Initiatives include the following:

  • The Special Employment Credit (SEC) will be extended until 31 Dec 2020 — the scheme was due to expire in 2019. The SEC is worth up to 11% of the employees’ monthly wages and is paid to employers hiring workers 55 and over. Introduced in 2011 to increase the employability of older Singaporeans, the scheme was enhanced in 2012 to provide continuing support for employers hiring older workers and persons with disabilities.
  • The Tripartite Workgroup on Older Workers will study policies impacting older workers, including retirement and re-employment ages and the Central Provident Fund contribution rates. The group was established in 2018 with the aim of reviewing the retirement and re-employment age.
  • Eligible employers can apply for grants (capped at SGD $105,000 per company) under the WorkPro scheme to support flexible working arrangements and policies aimed at accommodating older workers, such as the redesign of workplaces and jobs. Established on 1 Jul 2016, WorkPro encourages employers to implement age-friendly workplaces.

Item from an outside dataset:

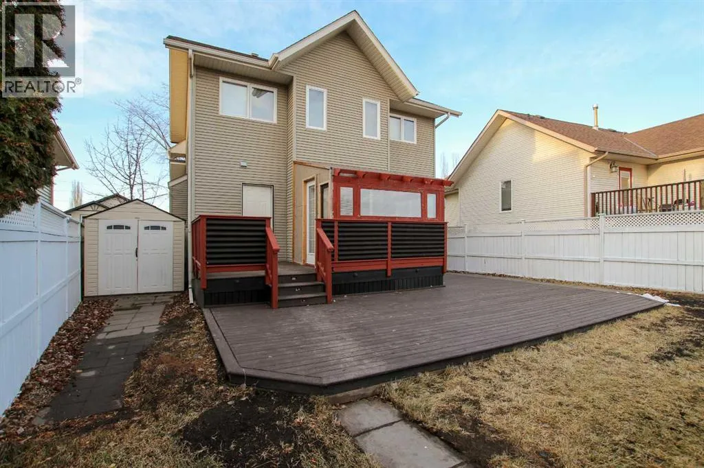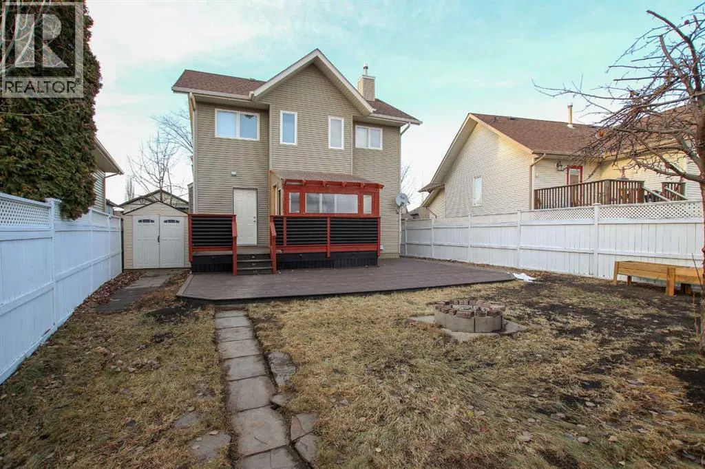 IMMEDIATE POSSESSION AVAILABLE ~ FULLY DEVELOPED 3 BEDROOM, 3 BATHROOM 2-STOREY IN WESTLAKE ~ 24' X 22' DETACHED GARAGE ~ Beautifully landscaped front yard with mature trees and shrubs offer eye catching curb appeal ~ Covered front veranda with space for a sitting area overlooks the front yard ~ Bright foyer with tile floors welcomes you and leads to the open concept main floor ~ The living room features hardwood flooring, large windows offering natural light, and is centred by a cozy gas fireplace with stone surround, mantle and TV niche above ~ Easily host large gatherings in the spacious dining room with more large windows and a wall pantry ~ The kitchen offers a functional layout and features warm stained extended height cabinets with crown moulding, full tile backsplash, window above the sink and ample counter space ~ Mud room has a built in bench and cabinets offers easy access to the huge two tiered deck and backyard ~ 2 piece main floor bathroom ~ The primary bedroom can easily accommodate a king size bed plus multiple pieces of furniture, and has dual closets ~ Two additional bedrooms are also a generous size with ample closet space ~ Oversized 4 piece bathroom centrally located to the bedrooms with a linen closet for storage ~ The fully finished basement offers plenty of additional space and includes a large family room, office nook with a built in desk, 3 piece bathroom with a walk in steam shower, laundry with a sink and space for storage ~ Also includes: central vacuum, window coverings ~ The backyard is landscaped with mature trees, has a fire pit, garden shed and tons of outdoor living space on the massive two tiered deck with a glass enclosed gazebo ~ 24' L x 22' W detached garage is insulated, finished with painted drywall, slatwall and wood paneling, has built in shelving/storage, and back alley access ~ Located on a tree-lined street and walking distance to multiple schools, parks, playgrounds, walking trails, Red Deer Poly, Heritage Ranch and wit h easy access to downtown and the highway ~ Immediate possession and move in ready! (id:27476)

  • A two-step reduction in the Dependency Ratio Ceiling (DRC) applies to the services sector and the S-Pass sub-DRC. The DRC is the permitted ratio of foreigners on work permits or S-Passes to a company’s total workforce. The permitted quota for the services sector will be reduced on 1 Jan 2020 to 38% from 40%, and then to 35% on 1 Jan 2021. The permitted quota for S-Pass sub DRC will be reduced on 1 Jan 2020 to 13% from 15%, and then to 10% on 1 Jan 2021. The quotas for other sectors are unchanged.
  • An increase in the foreign worker levy rates for the marine shipyard and process (petroleum, petrochemicals, specialty chemicals and pharmaceutical products) sectors is delayed one year.